*WORK TASK:*
In the records below, print each line exactly and leave every image out.

[Items from a dataset]
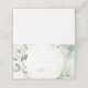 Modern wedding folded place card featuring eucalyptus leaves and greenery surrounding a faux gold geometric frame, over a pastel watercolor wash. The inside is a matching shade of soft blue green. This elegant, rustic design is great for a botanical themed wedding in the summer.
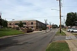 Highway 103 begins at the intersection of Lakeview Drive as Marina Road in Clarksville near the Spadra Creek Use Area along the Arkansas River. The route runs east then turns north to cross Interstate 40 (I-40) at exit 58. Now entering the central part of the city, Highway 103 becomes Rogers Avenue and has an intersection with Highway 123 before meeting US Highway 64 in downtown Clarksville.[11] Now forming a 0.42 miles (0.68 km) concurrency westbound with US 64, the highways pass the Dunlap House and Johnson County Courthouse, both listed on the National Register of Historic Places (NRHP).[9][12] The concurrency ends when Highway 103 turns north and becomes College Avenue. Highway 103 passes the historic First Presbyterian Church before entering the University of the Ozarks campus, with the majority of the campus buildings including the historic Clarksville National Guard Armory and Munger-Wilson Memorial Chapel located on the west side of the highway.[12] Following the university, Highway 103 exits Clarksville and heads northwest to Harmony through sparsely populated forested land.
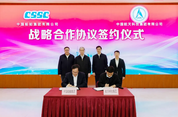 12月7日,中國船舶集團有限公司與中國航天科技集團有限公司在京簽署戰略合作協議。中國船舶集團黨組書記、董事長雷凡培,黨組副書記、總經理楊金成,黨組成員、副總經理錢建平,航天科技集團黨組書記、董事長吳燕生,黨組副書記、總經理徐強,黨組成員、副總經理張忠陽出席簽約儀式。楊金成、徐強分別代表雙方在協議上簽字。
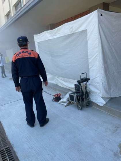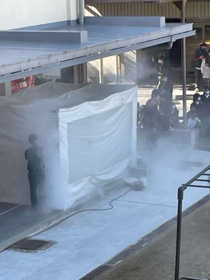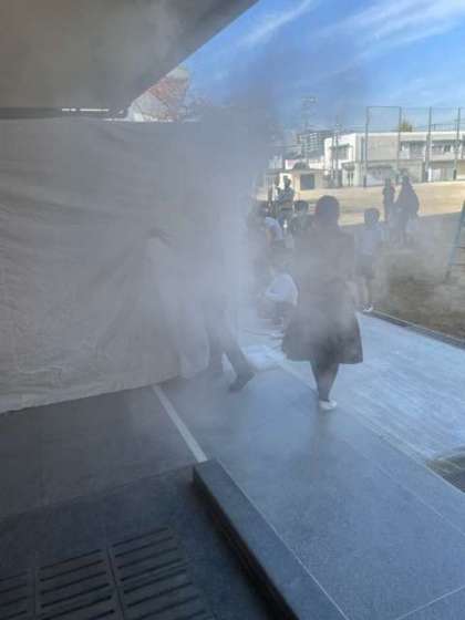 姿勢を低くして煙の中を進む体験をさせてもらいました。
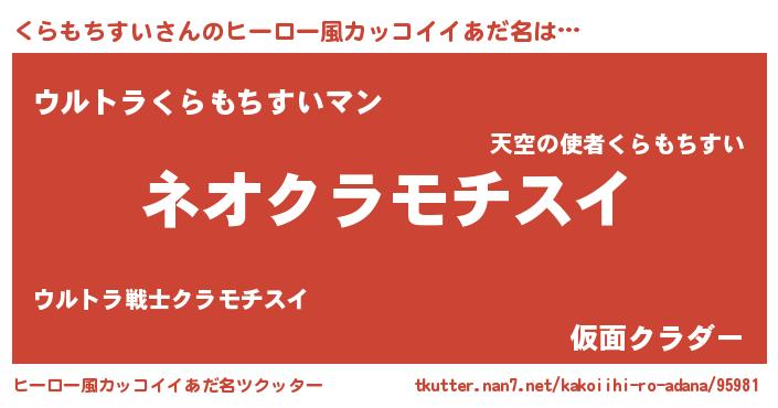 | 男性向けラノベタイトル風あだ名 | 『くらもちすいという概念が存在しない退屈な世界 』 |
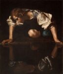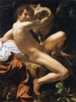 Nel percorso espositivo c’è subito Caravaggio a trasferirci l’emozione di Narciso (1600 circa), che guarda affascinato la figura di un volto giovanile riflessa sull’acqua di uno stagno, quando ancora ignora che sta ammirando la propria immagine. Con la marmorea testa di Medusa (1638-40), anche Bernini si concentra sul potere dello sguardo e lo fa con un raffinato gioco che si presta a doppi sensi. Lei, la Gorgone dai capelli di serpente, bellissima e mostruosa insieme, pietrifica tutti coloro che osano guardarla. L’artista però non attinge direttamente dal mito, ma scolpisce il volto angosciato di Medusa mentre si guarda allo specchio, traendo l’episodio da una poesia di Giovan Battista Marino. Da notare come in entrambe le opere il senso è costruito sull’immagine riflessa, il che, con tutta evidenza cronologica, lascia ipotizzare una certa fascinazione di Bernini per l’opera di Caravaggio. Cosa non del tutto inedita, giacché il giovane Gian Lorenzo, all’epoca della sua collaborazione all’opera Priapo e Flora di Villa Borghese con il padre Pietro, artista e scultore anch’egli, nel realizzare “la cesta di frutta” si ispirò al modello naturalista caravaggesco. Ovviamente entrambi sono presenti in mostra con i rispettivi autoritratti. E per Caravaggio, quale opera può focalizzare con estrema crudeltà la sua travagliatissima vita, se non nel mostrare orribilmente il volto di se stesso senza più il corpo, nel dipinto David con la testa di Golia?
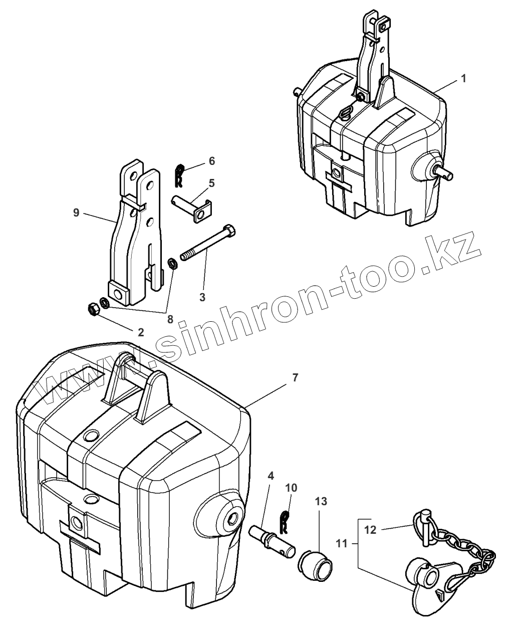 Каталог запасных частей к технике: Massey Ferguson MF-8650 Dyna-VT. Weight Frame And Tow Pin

*THE COMPLETED TASK:*
 Modern wedding folded place card featuring eucalyptus leaves and greenery surrounding a faux gold geometric frame, over a pastel watercolor wash. The inside is a matching shade of soft blue green. This elegant, rustic design is great for a botanical themed wedding in the summer.
 Highway 103 begins at the intersection of Lakeview Drive as Marina Road in Clarksville near the Spadra Creek Use Area along the Arkansas River. The route runs east then turns north to cross Interstate 40 (I-40) at exit 58. Now entering the central part of the city, Highway 103 becomes Rogers Avenue and has an intersection with Highway 123 before meeting US Highway 64 in downtown Clarksville.[11] Now forming a 0.42 miles (0.68 km) concurrency westbound with US 64, the highways pass the Dunlap House and Johnson County Courthouse, both listed on the National Register of Historic Places (NRHP).[9][12] The concurrency ends when Highway 103 turns north and becomes College Avenue. Highway 103 passes the historic First Presbyterian Church before entering the University of the Ozarks campus, with the majority of the campus buildings including the historic Clarksville National Guard Armory and Munger-Wilson Memorial Chapel located on the west side of the highway.[12] Following the university, Highway 103 exits Clarksville and heads northwest to Harmony through sparsely populated forested land.
 12月7日,中國船舶集團有限公司與中國航天科技集團有限公司在京簽署戰略合作協議。中國船舶集團黨組書記、董事長雷凡培,黨組副書記、總經理楊金成,黨組成員、副總經理錢建平,航天科技集團黨組書記、董事長吳燕生,黨組副書記、總經理徐強,黨組成員、副總經理張忠陽出席簽約儀式。楊金成、徐強分別代表雙方在協議上簽字。
 姿勢を低くして煙の中を進む体験をさせてもらいました。
 | 男性向けラノベタイトル風あだ名 | 『くらもちすいという概念が存在しない退屈な世界 』 |
 Nel percorso espositivo c’è subito Caravaggio a trasferirci l’emozione di Narciso (1600 circa), che guarda affascinato la figura di un volto giovanile riflessa sull’acqua di uno stagno, quando ancora ignora che sta ammirando la propria immagine. Con la marmorea testa di Medusa (1638-40), anche Bernini si concentra sul potere dello sguardo e lo fa con un raffinato gioco che si presta a doppi sensi. Lei, la Gorgone dai capelli di serpente, bellissima e mostruosa insieme, pietrifica tutti coloro che osano guardarla. L’artista però non attinge direttamente dal mito, ma scolpisce il volto angosciato di Medusa mentre si guarda allo specchio, traendo l’episodio da una poesia di Giovan Battista Marino. Da notare come in entrambe le opere il senso è costruito sull’immagine riflessa, il che, con tutta evidenza cronologica, lascia ipotizzare una certa fascinazione di Bernini per l’opera di Caravaggio. Cosa non del tutto inedita, giacché il giovane Gian Lorenzo, all’epoca della sua collaborazione all’opera Priapo e Flora di Villa Borghese con il padre Pietro, artista e scultore anch’egli, nel realizzare “la cesta di frutta” si ispirò al modello naturalista caravaggesco. Ovviamente entrambi sono presenti in mostra con i rispettivi autoritratti. E per Caravaggio, quale opera può focalizzare con estrema crudeltà la sua travagliatissima vita, se non nel mostrare orribilmente il volto di se stesso senza più il corpo, nel dipinto David con la testa di Golia?
 Каталог запасных частей к технике: Massey Ferguson MF-8650 Dyna-VT. Weight Frame And Tow Pin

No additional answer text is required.